If you’re reading this, remember that it’s okay to take a step back.
In a world that constantly praises being productive, working hard, and knowing what your next step is going to be, it can be difficult to take a step back without feeling like a failure. Yet, sometimes, taking that break can be so useful for your well-being and self-love. I learned that firsthand during my first year at NYU.
I, just like so many others, started college with high expectations. I was excited to live in a new city, make new friends, and study chemistry. It didn't take long for me to realize that something wasn’t right. I began feeling disconnected from the classes I was in, from the people around me, and even from myself. Studying chemistry was always a path I thought I should be on, but I knew deep down that I wasn't happy. It was as though I didn't belong in my major, and I couldn't get it out of my head that I didn’t fit in with the other students in my class. It was so isolating and made me rethink my abilities and whether NYU was even the right place for me.

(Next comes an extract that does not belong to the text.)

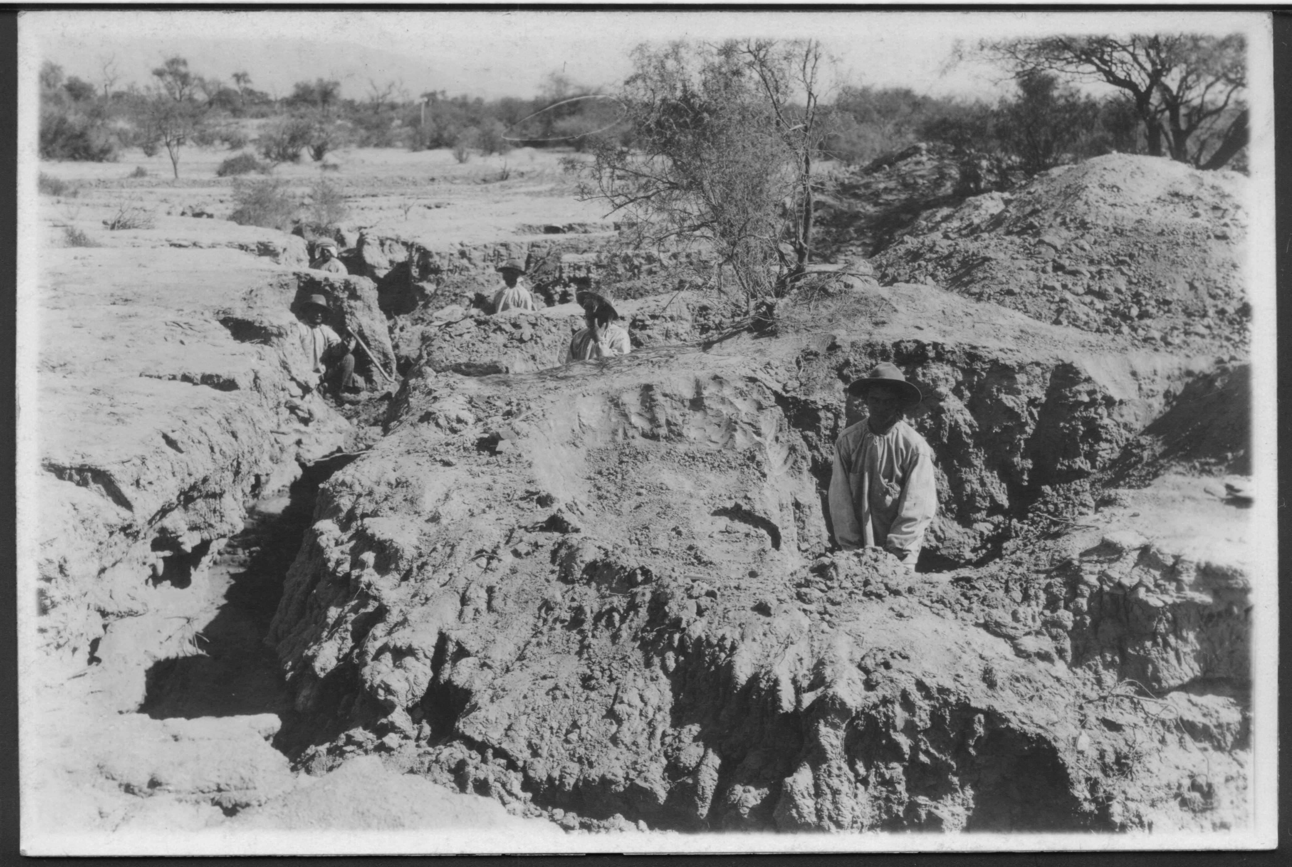 Excavación, carcava, peones, enterratorios, pozos, ciénaga, arenal

Ultimately, I made the hard decision to withdraw in my second semester. At the time, it felt like I had given up. I was scared of what people would think and was worried that it meant I would fall behind. But the time away from pressure and expectations was just what I needed. It allowed me to reflect and breathe.
During the break, I realized what I wanted, not just what I thought I should want. I found that I wasn't passionate about chemistry. It didn’t align with what I wanted to do with my life or who I was becoming. So, I switched my major to psychology, and it felt like things were finally starting to fall into place. I wanted to understand others and myself better. More than anything, I wanted to follow a career where I could help others, especially in improving their mental health. This realization gave me a new sense of motivation and direction.

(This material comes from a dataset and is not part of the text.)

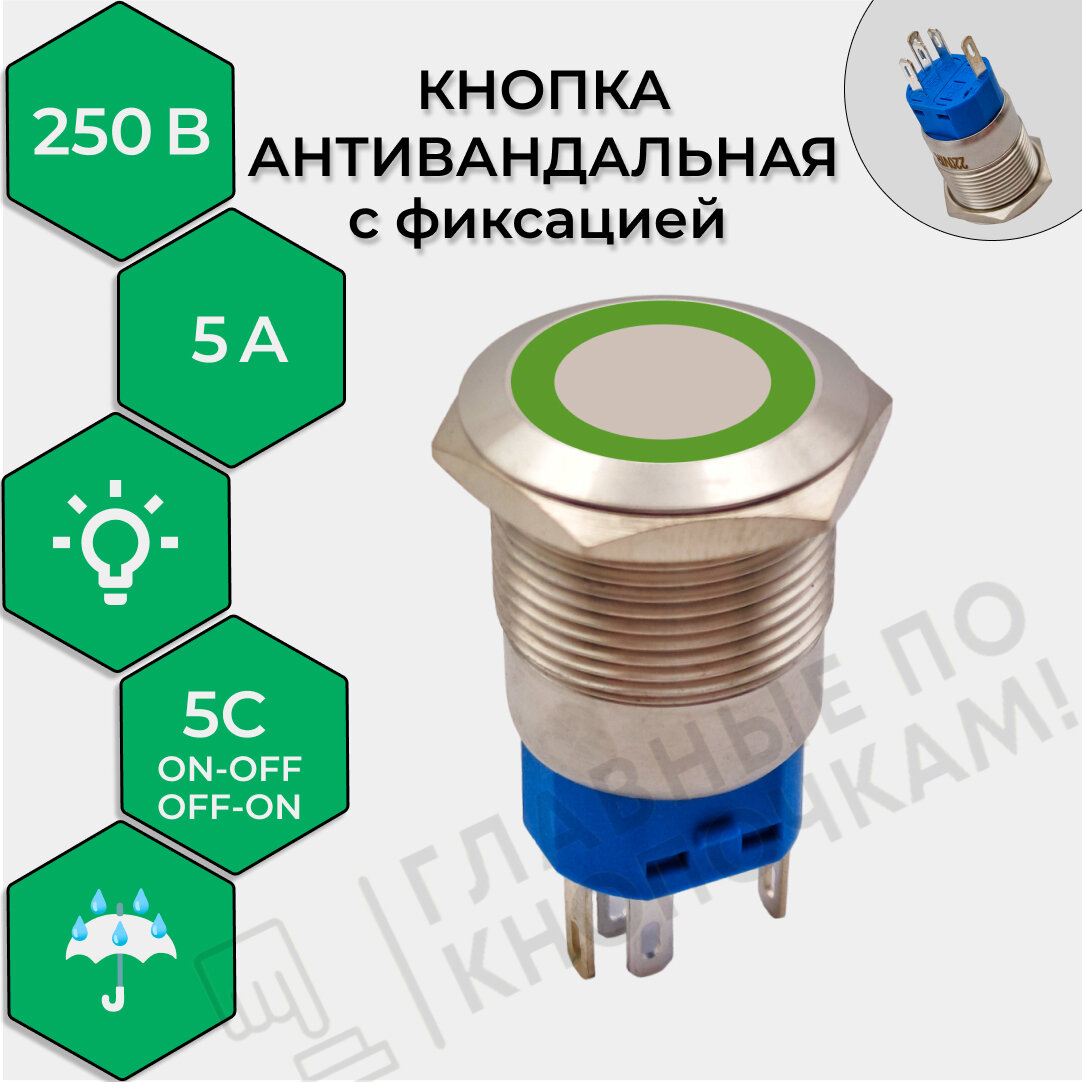 Кнопка антивандальная Ø19 250В Фикс (5с) ON-OFF/OFF-ON подсв/зеленая REXANT информация:

When I returned to NYU, I also began to get more involved on campus. I found communities that made me feel supported and gave me a sense of belonging. I also felt more connected with my classmates, who shared similar interests in mental health, and I found I wasn't as alone as I thought. Having people around me who cared and being excited about my new major completely changed the way I felt about college. I went from feeling completely lost to having a new sense of meaning.

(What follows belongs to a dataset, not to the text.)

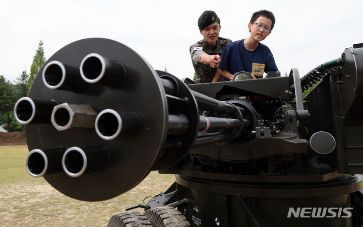 [세종=뉴시스] 강종민 기자 = 세종시 육군 32사단에서 20일 열린 참전용사 초청행사에서 어린이 참가자가 20mm 대공포(발칸)에 대한 설명을 듣고 있다. 2024.06.20. [email protected]

Now, I am not only back at NYU, but I am thriving. I am pursuing a field I care so deeply about, surrounded by individuals who lift me up, and I feel like I belong. That break, which once felt like a huge setback, turned out to be the greatest turning point for me.
So, if you’re reading this and feeling unsure or like you’re falling behind, just know you are not alone. It’s okay to take a pause. It's okay to question what you want. It's okay if you change your mind. Taking a break does not mean you are a failure; it means you’re listening to yourself. And that kind of self-awareness of what you need? That is strength.